Though better known today for her long term affair with Buster Keaton and her short lived marriage to Hopalong Cassidy star William Boyd, Dorothy Sebastian was a popular engenue in the twenties who started out as a chorus girl, working for the Zeigfield Follies and in George White’s Scandals. Sebastian moved to film work in 1925 where she appeared in Why Women Love (1925), Haunted Ship (1927) and House of Scandal (1928). Her most popular work was in three films she made with Joan Crawford and Anita Page; Our  Dancing Daughters (1928), Our Modern Maidens (1929) and Our Blushing Brides (1930).

She worked steadily until the mid thirties in Wide Open Spaces (1931), They Never Come Back (1932) and Allez Oop (1934), which reunited her on camera with former lover Buster Keaton.  Sebastian temporarily retired from film when she married William Boyd, but returned to acting when the marriage ended in divorce in 1936.
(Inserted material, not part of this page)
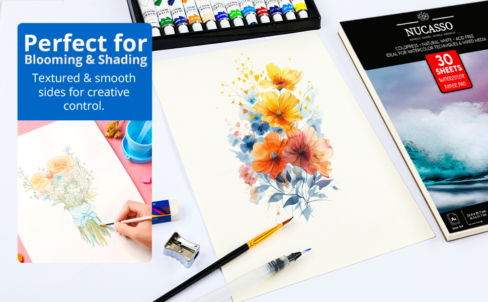 I used this NUCASSO watercolor paper for my kingfisher painting - not completed yet i might add, and I’m really impressed with the quality! The 300 GSM weight makes it sturdy enough to handle multiple layers of paint without buckling or warping. The natural white color really makes the colors pop, and the texture is just right for watercolors, smooth enough for detailed work but with enough tooth to hold the paint well.It’s great for students or anyone just starting out with watercolors, offering a professional feel at a student-friendly price. If you’re looking for a reliable watercolor paper for your next project, this pad is a solid choice!

Her comeback film and last big role was the heroine in Columbia’s second ever serial, The Mysterious Pilot (1937) where she is chased by villains after witnessing a murder and is saved by famous real life pilot Frank Hawks.

She then settled in to a career as a supporting player in Rough Rider’s Roundup (1939), Kansas Cyclone (1941) and Reap the Wild Wind (1942).  Her final film appearance was in The Miracle of the Bells (1948).

Hero of the Month: Frank Buck

Self promotion is a tricky art for a non performing celebrity, just take a look at many of the reality stars today and you can see just how thin a line it is between looking like a gracious or cool celebrity and looking like an needy attention whore.  One of the true all time masters of self promotion was wild animal trapper Frank Buck.  In his youth he worked at everything from a hotel bellboy to a cowpuncher.  Supposedly his first expedition to Brazil was financed by winning $3,500 in a poker game.  He returned with a number of exotic birds and the legend of Bring ‘Em Back Alive Buck was born.

Public interest in this man who traveled to exotic lands and captured ferocious animals led to him writing books about his expeditions, Bring ‘Em Back Alive, Fang and Claw, Wild Cargo and the children’s book On the Jungle Trail were all best sellers.  Inevitably this would lead to Buck appearing in the movies, where he played himself and narrated film versions of Bring ‘Em Back Alive (1932), Wild Cargo (1935) and Fang and Claw (1935).

One of his few forays into actual acting was for Columbia Pictures, where he played wild animal trapper Frank Hardy in the studio’s premiere serial effort, Jungle Menace (1947), helping a plantation owner fight a gang of criminals while also recovering his escaped cargo of lions and tigers.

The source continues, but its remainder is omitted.